- Opening Delimiter -

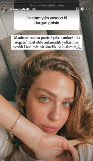 Magazin Dünyasının önde gelen isimlerinden biri olan ünlü türkücü İbrahim Tatlıses’in oğlu İdo Tatlıses’in nişanlısı Yasemin Şefkatli koronavirüse yakalandı. Halen nişanlısı İdo Tatlıses ile tatilde olan yasemin Şefkatli bugün sosyal medya hesabından bir paylaşımda bulunarak covid 19’a yakalandığını duyurdu. Henüz aşı olmayan 28 yaşındaki isim kendini halsiz ve yorgun hissettiğini belirterek soluğu hastanede aldı. Yapılan testin ardından Yasemin Şefkatli’nin koronavirüs testi pozitif çıktı ve ünlü isim evinde karantinaya alınarak tedavisine başlandı ve dinlenmeye çekildi. Ünlü isim sosyal medya hesabından yaptığı paylaşımda da “hasta mısın” şeklindeki bir soruya, maalesef testim pozitif çıktı canlar. İdo’nun negatif. Nasıl oldu anlamadık. Yollarımız ayrıldı Dodi’mle bir sürelik. İyi olalım da” ifadelerini kullandı.
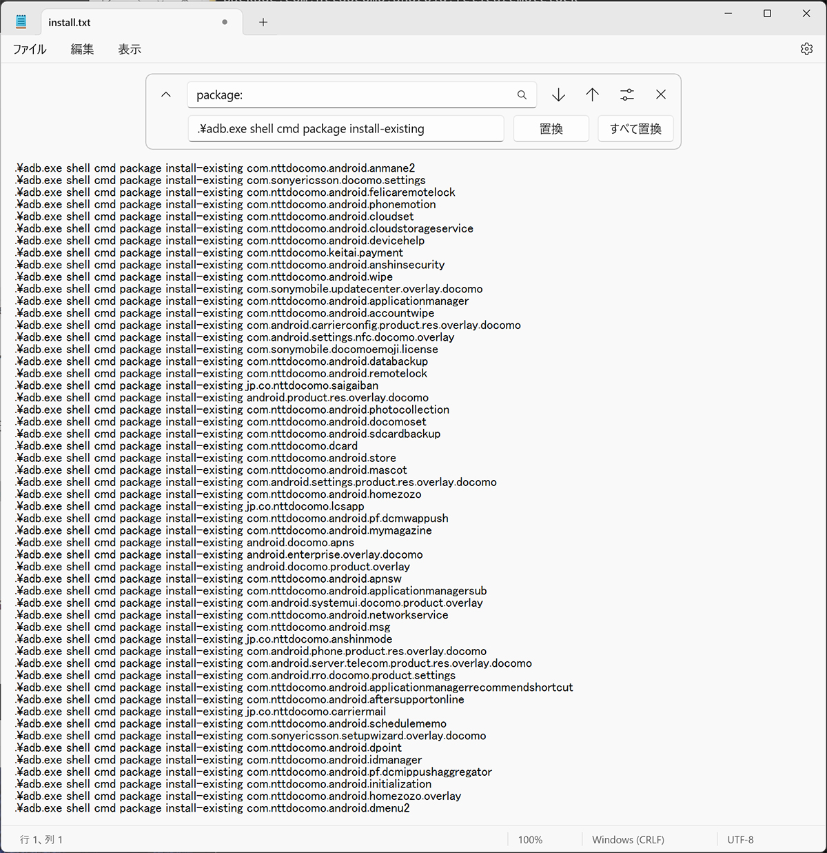 そして、さきほど抽出したドコモアプリのテキストデータをコピーして、テキストドキュメント( uninstall.txt )に貼り付ける。
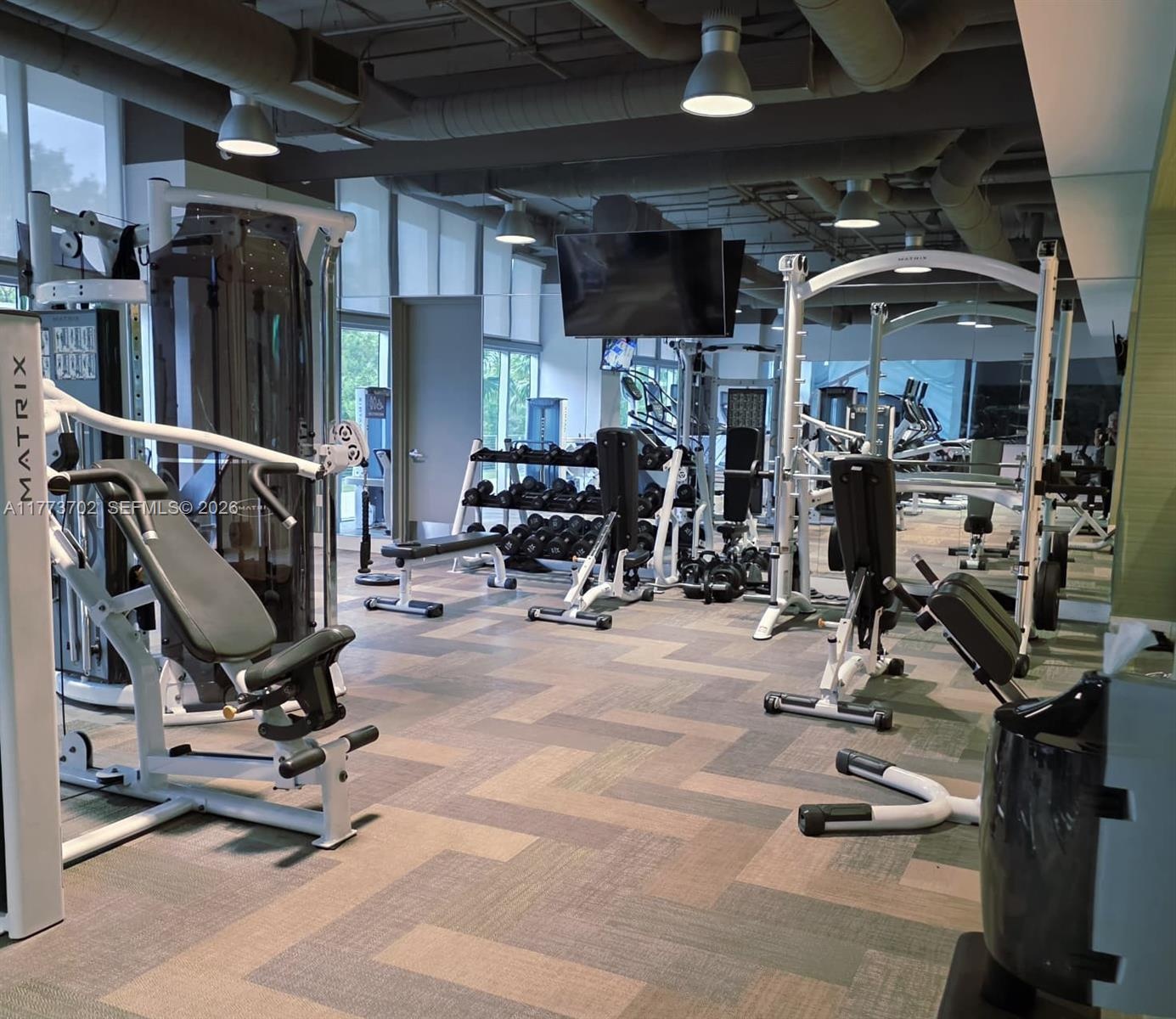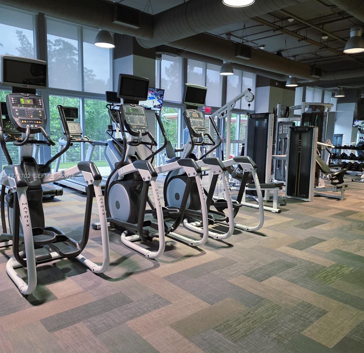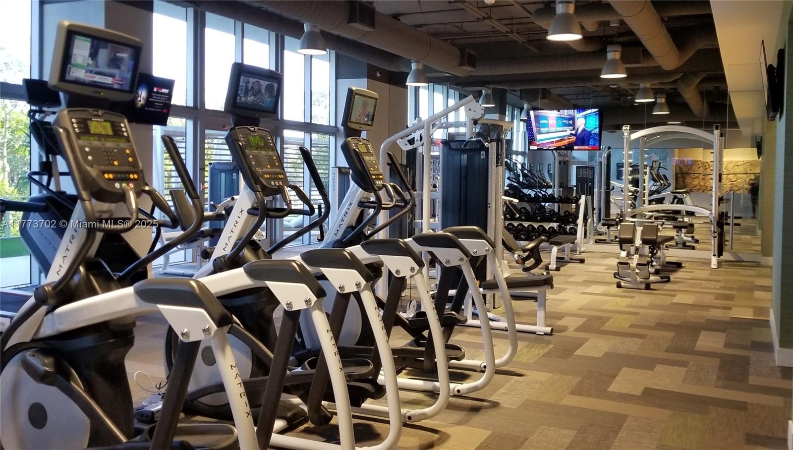 - Fully equipped gym with modern cardio machines and strength-training equipment, complemented by floor-to-ceiling windows for natural light.
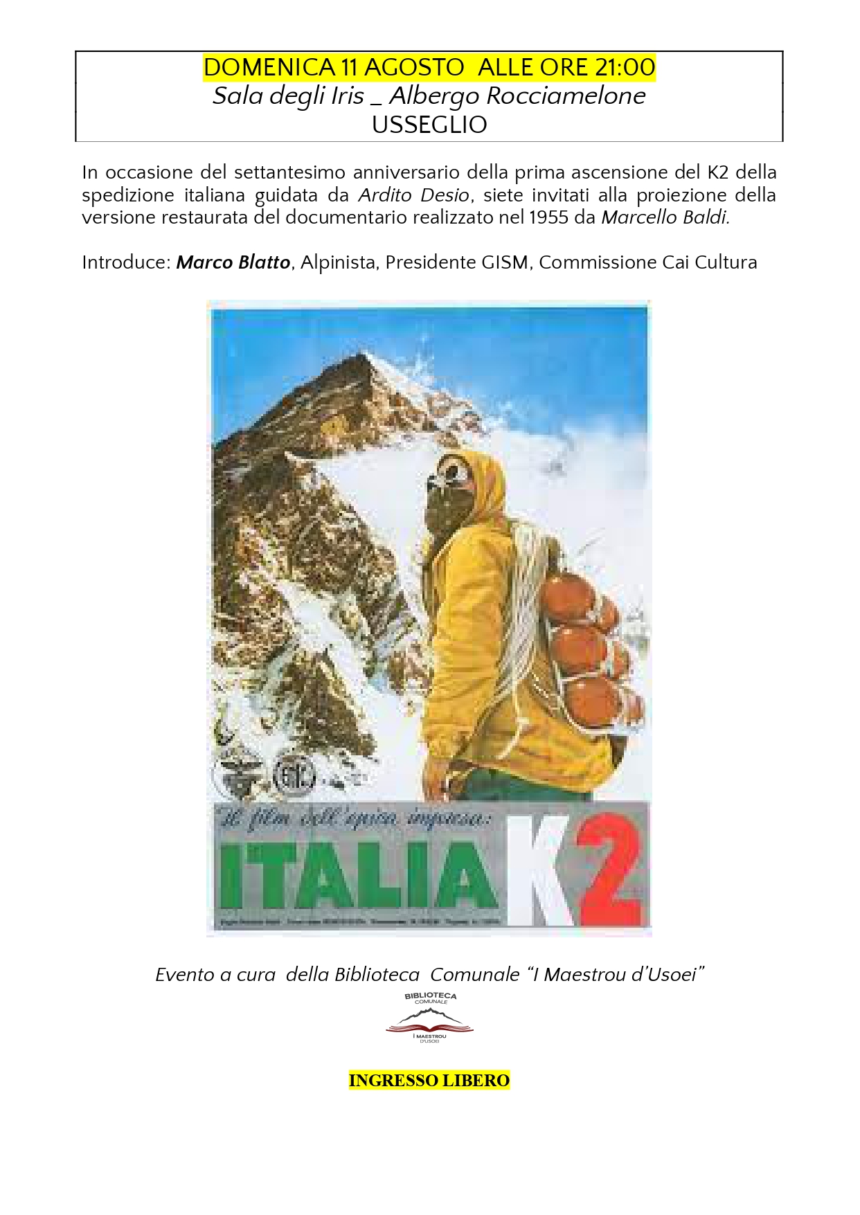 Domenica 11 agosto alle ore 21,00 in occasione del settantesimo anniversario della prima ascensione del K2 della spedizione italiana guidata da Ardito Desio verrà proiettata la versione restaurata del documentario del 1955 di Marcello Baldi.
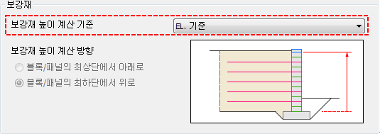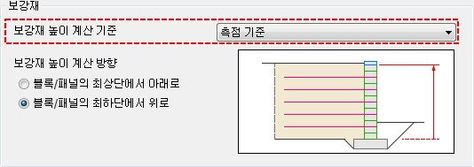 - 그리고 이때, 보강재 높이 계산 방향 옵션이 활성화 되고, 이 옵션에 따라 상대 높이 값의 기준이 달라집니다.
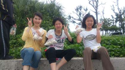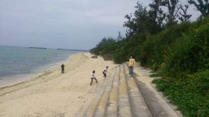 同じく貝殻を拾いに,朝の海岸へ出かけてきた生徒たちです。南国の海を満喫していますか?幸い,今のところ雨は降っていないようです。
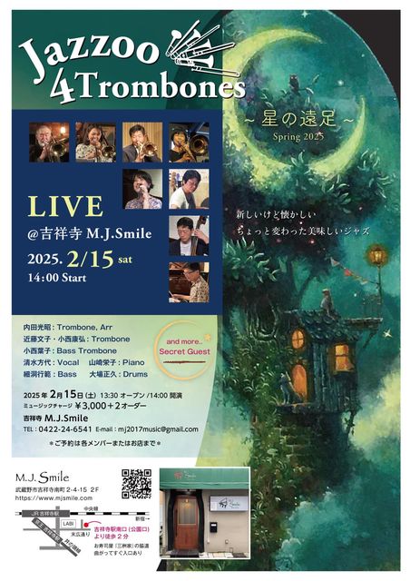 ¢öJazzoo 4 Trombones Live¢ö Æü»þ¡§2·î15Æü¡ÊÅÚ¡Ëopen 13:30 / start 14:00- ¾ì½ê¡§µÈ¾Í»ûMJ Smile https://www.mjsmile.com/ MC¡§3,000±ß¡ù2Éʰʾå¤Î¤´Ãíʸ¤ò¤ª´ê¤¤¤·¤Þ¤¹¡ù ¥á¥ó¥Ð¡¼¡§btb/¾®À¾ÍÕ»Ò¡¡tb/ÆâÅĸ÷¾¼¡¢¶áƣʸ»Ò¡¢¾®À¾¹¯¹°¡¡pf/»³ºê±É»Ò¡¡ba/ºÙƶ¹ÔÈÏ¡¡dr/Âç¾ìÀµµ×¡¡vo/À¶¿åÊýÂå 2/15¡ÊÅڡˤϵפ·¤Ö¤ê¤ÎJazzoo 4 Trombones Live 14»þ¤«¤éµÈ¾Í»ûMJ Smile¤Ç±éÁÕ¤·¤Þ¤¹ ¥Ð¥¹¥È¥í¥ó¥Ü¡¼¥óJazzoo¤µ¤ó¤³¤È¡¢¾®À¾ÍÕ»Ò¤µ¤óΨ¤¤¤ë4tb¡Ü¥Ô¥¢¥Î¥È¥ê¥ª¡Ü²ÎÊÔÀ®¤Ç¤Î²»ºî¤ê Ëè²ó¤È¤Æ¤âÁÇŨ¤Ê»þ´Ö¤Ë¤Ê¤ë¤Î¤Ç¡¢º£²ó¤âËÜÈÖ¤¬

- Closing Delimiter -

Directions> Leave the pictures out and output all of the data verbatim.

The completed task>
 Magazin Dünyasının önde gelen isimlerinden biri olan ünlü türkücü İbrahim Tatlıses’in oğlu İdo Tatlıses’in nişanlısı Yasemin Şefkatli koronavirüse yakalandı. Halen nişanlısı İdo Tatlıses ile tatilde olan yasemin Şefkatli bugün sosyal medya hesabından bir paylaşımda bulunarak covid 19’a yakalandığını duyurdu. Henüz aşı olmayan 28 yaşındaki isim kendini halsiz ve yorgun hissettiğini belirterek soluğu hastanede aldı. Yapılan testin ardından Yasemin Şefkatli’nin koronavirüs testi pozitif çıktı ve ünlü isim evinde karantinaya alınarak tedavisine başlandı ve dinlenmeye çekildi. Ünlü isim sosyal medya hesabından yaptığı paylaşımda da “hasta mısın” şeklindeki bir soruya, maalesef testim pozitif çıktı canlar. İdo’nun negatif. Nasıl oldu anlamadık. Yollarımız ayrıldı Dodi’mle bir sürelik. İyi olalım da” ifadelerini kullandı.
 そして、さきほど抽出したドコモアプリのテキストデータをコピーして、テキストドキュメント( uninstall.txt )に貼り付ける。
 - Fully equipped gym with modern cardio machines and strength-training equipment, complemented by floor-to-ceiling windows for natural light.
 Domenica 11 agosto alle ore 21,00 in occasione del settantesimo anniversario della prima ascensione del K2 della spedizione italiana guidata da Ardito Desio verrà proiettata la versione restaurata del documentario del 1955 di Marcello Baldi.
 - 그리고 이때, 보강재 높이 계산 방향 옵션이 활성화 되고, 이 옵션에 따라 상대 높이 값의 기준이 달라집니다.
 同じく貝殻を拾いに,朝の海岸へ出かけてきた生徒たちです。南国の海を満喫していますか?幸い,今のところ雨は降っていないようです。
 ¢öJazzoo 4 Trombones Live¢ö Æü»þ¡§2·î15Æü¡ÊÅÚ¡Ëopen 13:30 / start 14:00- ¾ì½ê¡§µÈ¾Í»ûMJ Smile https://www.mjsmile.com/ MC¡§3,000±ß¡ù2Éʰʾå¤Î¤´Ãíʸ¤ò¤ª´ê¤¤¤·¤Þ¤¹¡ù ¥á¥ó¥Ð¡¼¡§btb/¾®À¾ÍÕ»Ò¡¡tb/ÆâÅĸ÷¾¼¡¢¶áƣʸ»Ò¡¢¾®À¾¹¯¹°¡¡pf/»³ºê±É»Ò¡¡ba/ºÙƶ¹ÔÈÏ¡¡dr/Âç¾ìÀµµ×¡¡vo/À¶¿åÊýÂå 2/15¡ÊÅڡˤϵפ·¤Ö¤ê¤ÎJazzoo 4 Trombones Live 14»þ¤«¤éµÈ¾Í»ûMJ Smile¤Ç±éÁÕ¤·¤Þ¤¹ ¥Ð¥¹¥È¥í¥ó¥Ü¡¼¥óJazzoo¤µ¤ó¤³¤È¡¢¾®À¾ÍÕ»Ò¤µ¤óΨ¤¤¤ë4tb¡Ü¥Ô¥¢¥Î¥È¥ê¥ª¡Ü²ÎÊÔÀ®¤Ç¤Î²»ºî¤ê Ëè²ó¤È¤Æ¤âÁÇŨ¤Ê»þ´Ö¤Ë¤Ê¤ë¤Î¤Ç¡¢º£²ó¤âËÜÈÖ¤¬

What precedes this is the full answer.